▶ Data:
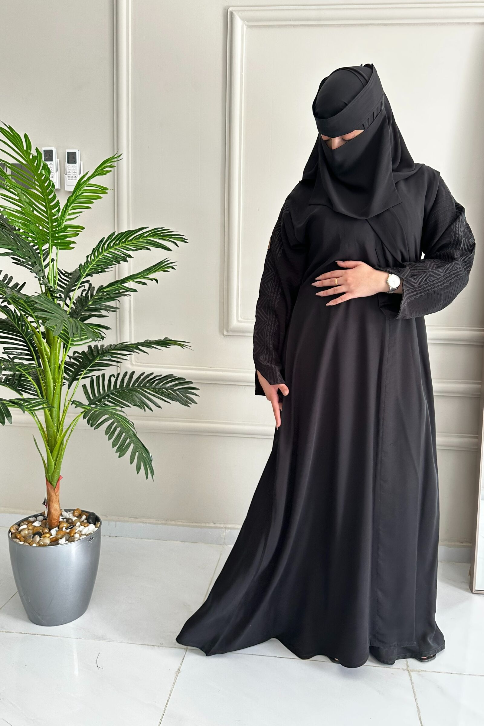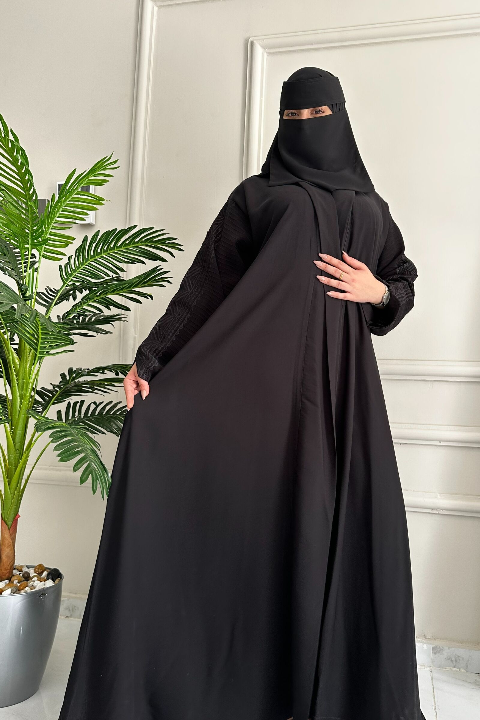 اختاري هذه العباية بشك ناعم على الأكمام لتتألقي بإطلالة عصرية وجذابة تجمع بين الأناقة والراحة في جميع المناسبات. ستضيف هذه العباية المميزة لمسة فريدة من الجاذبية والأناقة إلى خزانتك.
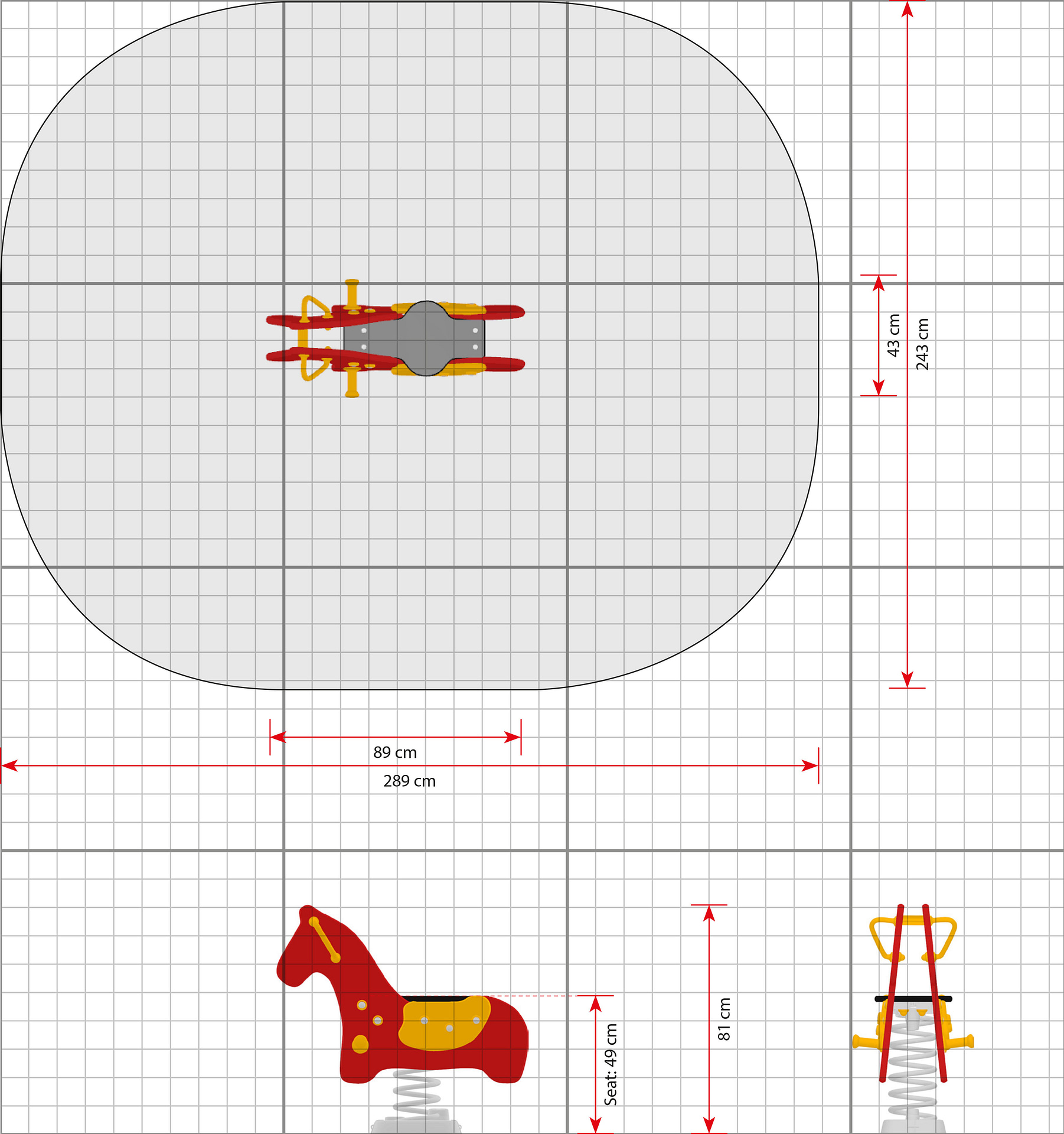 Fjädergunga Olmon är utformad för aktiv lek där barn tränar balans, koordination och kroppskontroll. Den fjädrande rörelsen gör leken engagerande samtidigt som den uppmuntrar till upprepning och motorisk utveckling. Produkten lämpar sig för förskola, skolgård och park med höga krav på hållbarhet. Mått (L x B x H): 89 cm x 43 cm x 81 cm. Max fallhöjd: 49 cm. Rekommenderad ålder: Från 2 år.
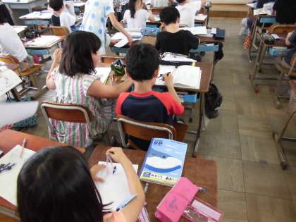 コンパスを使って円をかく練習をしました。コンパスの使い方に慣れていないので少し難しく感じている子どもがいました。

▶ Exercise description: Each line above should be written out again unchanged; no images are to be carried over.

▶ Response for this exercise:
 اختاري هذه العباية بشك ناعم على الأكمام لتتألقي بإطلالة عصرية وجذابة تجمع بين الأناقة والراحة في جميع المناسبات. ستضيف هذه العباية المميزة لمسة فريدة من الجاذبية والأناقة إلى خزانتك.
 Fjädergunga Olmon är utformad för aktiv lek där barn tränar balans, koordination och kroppskontroll. Den fjädrande rörelsen gör leken engagerande samtidigt som den uppmuntrar till upprepning och motorisk utveckling. Produkten lämpar sig för förskola, skolgård och park med höga krav på hållbarhet. Mått (L x B x H): 89 cm x 43 cm x 81 cm. Max fallhöjd: 49 cm. Rekommenderad ålder: Från 2 år.
 コンパスを使って円をかく練習をしました。コンパスの使い方に慣れていないので少し難しく感じている子どもがいました。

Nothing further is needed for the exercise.